Ten C57/Bl6 mice at 2 months of age and 10 at 12 months of age, DBA/2J mice at 2 and 14 months of age (10 each) were studied after fixation at 15 mm Hg prior to cryopreservation. Serial cross sections were taken from the optic nerve to the inner retina, including the optic nerve head and stained with the Luna stain or anti-elastin antibodies. The fellow eye of each mouse was fixed and studied for ultrastructure and distribution of elastin.

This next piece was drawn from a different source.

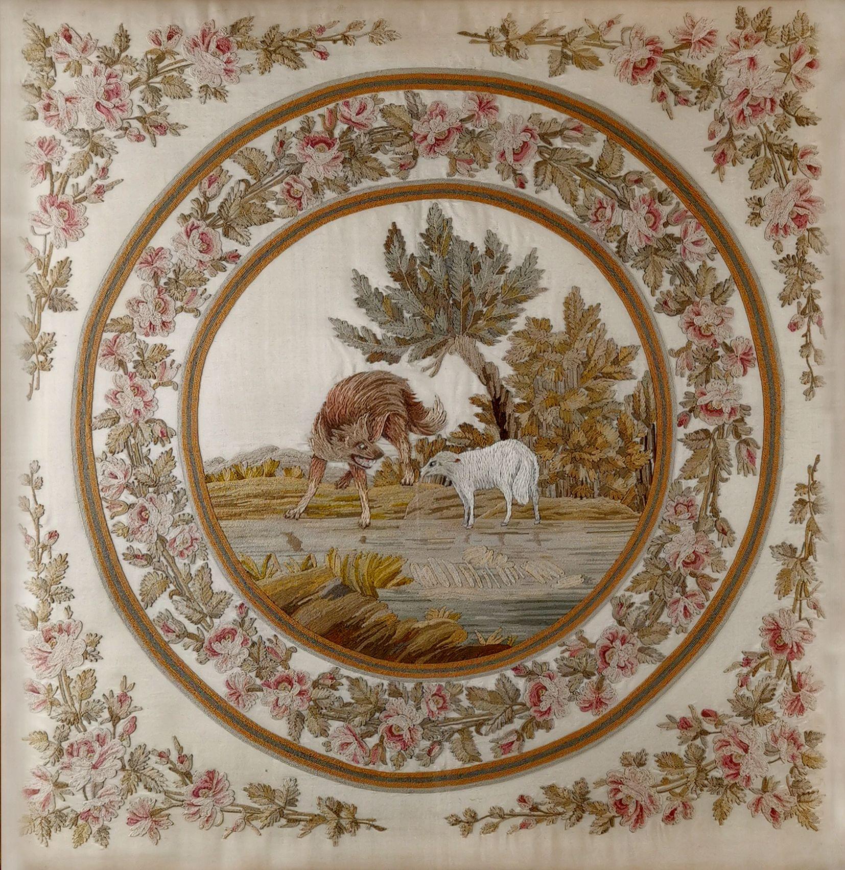 5395. Broderie à motif du loup et l'agneau, XIXe s

Elastin fibers were identified in the peripapillary sclera, where the fibers were oriented circumferentially into a ring-like structure. The circumferential fiber ring extended up to 100 microns away from the optic nerve head margin. Second, elastin was prominently found in the portion of the sclera adjacent to the choroid but not elsewhere in the sclera. Finally, there is extensive elastin in the dura and conjunctiva. Axial length of DBA/2J mouse eyes was confirmed to increase by 10% in older mice with nerve damage, but their optic nerve head canal was found to be proportionately less enlarged. Qualitative differences between eyes with age and after glaucomatous injury were seen and will be described.
This is the first report of elastin in the peripapillary sclera of the mouse, similar in configuration to that seen in human eyes. Coupled with biomechanical inflation studies of mouse eyes that we are performing, these findings will inform modeling and provide explanations of the IOP-induced effects that contribute to glaucoma injury.